Siren opens with the incident that will set the seal on the rest of Róisín’s life: the murder of a soldier – a ‘legitimate target’ in Lonergan’s parlance – who she has unwittingly helped to lure into a trap. Mousey and shy, Róisín is flattered when she’s picked out by the brash, sophisticated new girl in her class who invites her on a night out, unaware that she’s being used. When Dolores’ face appears as a photofit on the front pages of the newspapers after the atrocity, Róisín is terrified that she’ll be identified too but no one remembers the nondescript friend dancing at the discotheque. Soon Lonergan comes calling, demanding another job but this time offering a way out once it’s done. Before she makes her escape, Róisín is witness to another atrocity and it is in the hope of doing justice for this that she takes herself off to Lamb Island, decades later, where Lonergan has a house from which he conducts his dodgy business dealings. An ill-judged, drunken email sent late one night before she left New York has alerted him to her plans and there’s a reception committee: Theo the Dutchman – all silky charm – and Boyle the creepy voyeur, only too willing to keep an eye on Róisín for Lonergan.

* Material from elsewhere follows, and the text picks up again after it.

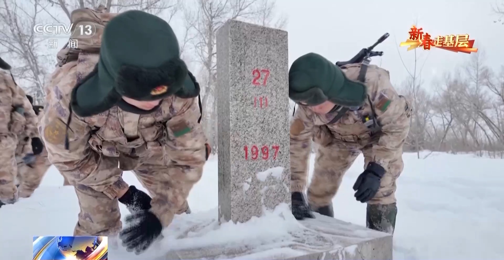 历经八个小时的风雪跋涉,穿过沙山、沼泽、白桦林,27号界标终于出现在视野中。官兵们下马,拂去界标上的积雪。新兵李垚脸上最初的紧张已褪去,透出战士的坚毅。

From its superbly dramatic opening, Siren had me in its grip. Neary takes her time revealing Róisín’s past, leaking small details into her narrative and occasionally bringing her readers up short. Róisín is cleverly drawn, her teenage naiveté making her the perfect prey for Lonergan, as is Boyle with his sinister references to the previous occupant of Róisín’s rented bungalow. Neary’s writing is sharp and clean, often vivid in its intensity, coupled with an astute psychological insight. When I was reading it I was reminded a little of Lionel Shriver’s Ordinary Decent Criminals, published long before We Need to Talk about Kevin brought her fame but, for me, a much better book. Obviously, Siren’s ending is out-of-bounds as far as this review’s concerned but it’s a satisfying one. Altogether a smart, stylish piece of writing – far pithier than either Attica Locke’s Pleasantville or S J Bolton’s Second Life, both recent ventures into thriller territory for me, and all the better for it. I’ll be interested to see what Neary comes up with next.